Video games were once derided by teachers and considered a distraction in the classroom. This feeling is shared by many parents, with around 86% of them agreeing that their kids are spending too much time gaming. While there are arguments for and against it, there’s a rising trend in the number of schools using video games as educational tools. Esports in education uses an appetite for video games to introduce youngsters to concepts like leadership, team-building, and social awareness. It’s become a useful tool for enriching STEM study, but it can also be used to support language learning and history lessons.
Esports in Early Learning
The kindergarten of today is a markedly different place than the nursery classes of yesteryear. While Montessori toys still have their place in these preschool settings, educators are waking up to the benefits of bringing video games into the classroom.
It’s predicted that coding will become a staple part of middle school syllabuses in the years to come. Most experts agree that kids can take up coding as early as age seven. However, the fundamentals of coding can be introduced to youngsters much earlier than that.
Educational games have long been used to introduce basic math and literacy concepts to preschoolers. Nowadays, they can also be used to roll out rudimentary coding principles to kids. There’s also evidence to suggest that gaming in education can improve things like memory skills and hand-eye coordination.
Esports in Higher Education
The statistics are clear – pretty much every teen plays games. In fact, some surveys suggest that as many as 86% of teens in the United States play games on consoles like the PlayStation and Xbox.
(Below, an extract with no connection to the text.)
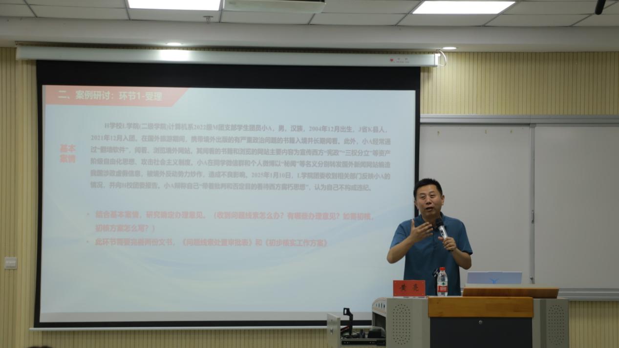 最后一講,是中央團(tuán)校黃亮老師帶來的《團(tuán)紀(jì)執(zhí)行案例教學(xué)》。課程通過聚焦團(tuán)紀(jì)執(zhí)行核心,明確縣級及以上團(tuán)的委員會組織部門等執(zhí)紀(jì)權(quán)限,詳解從受理到處分執(zhí)行的5個關(guān)鍵步驟,全程強(qiáng)調(diào)集體研究的重要性;并通過現(xiàn)場模擬案例,切實(shí)提升教師團(tuán)干依規(guī)執(zhí)紀(jì)能力,為團(tuán)務(wù)工作開展和青年學(xué)生行為規(guī)范提供清晰遵循。

When you factor in web-based games and mobile-only titles, that number rises to 97%.
Rather than dismiss this appetite for gaming, many high schools are encouraging amateur esports, recognizing that competitive gaming yields many of the same benefits as other extracurricular activities.
You only need to look at the Rocket League tournament schedule to see that esports represents a lucrative career prospect for gamers. In 2019, Andrea Radovanović became the youngest Rocket League professional of all time when he joined the Team Vitality roster.
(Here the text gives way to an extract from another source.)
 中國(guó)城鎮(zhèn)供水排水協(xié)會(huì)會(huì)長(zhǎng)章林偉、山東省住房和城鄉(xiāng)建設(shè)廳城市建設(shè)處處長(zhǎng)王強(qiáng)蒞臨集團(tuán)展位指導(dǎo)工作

Esports programs are also on the rise in colleges and universities. In the United
States, as many as 170 different institutions are offering esports degrees. These programs prepare video game enthusiasts for an actual career in esports. They’re not just a cash grab, either. Esports scholarships are now offered alongside traditional sporting scholarships. Combined, these scholarships total more than $16 million.
The line between esports and conventional sports is becoming increasingly blurred. Varsity esports has been around since at least 2009. Today, more than 70 colleges operate varsity esports programs. Meanwhile, the High School Esports League lets younger games get in on the action. These varsity leagues are often intertwined with esports educational programs. In 2016, the National Association of Collegiate Esports (NACE) was established, cementing the credibility of esports as a viable career path.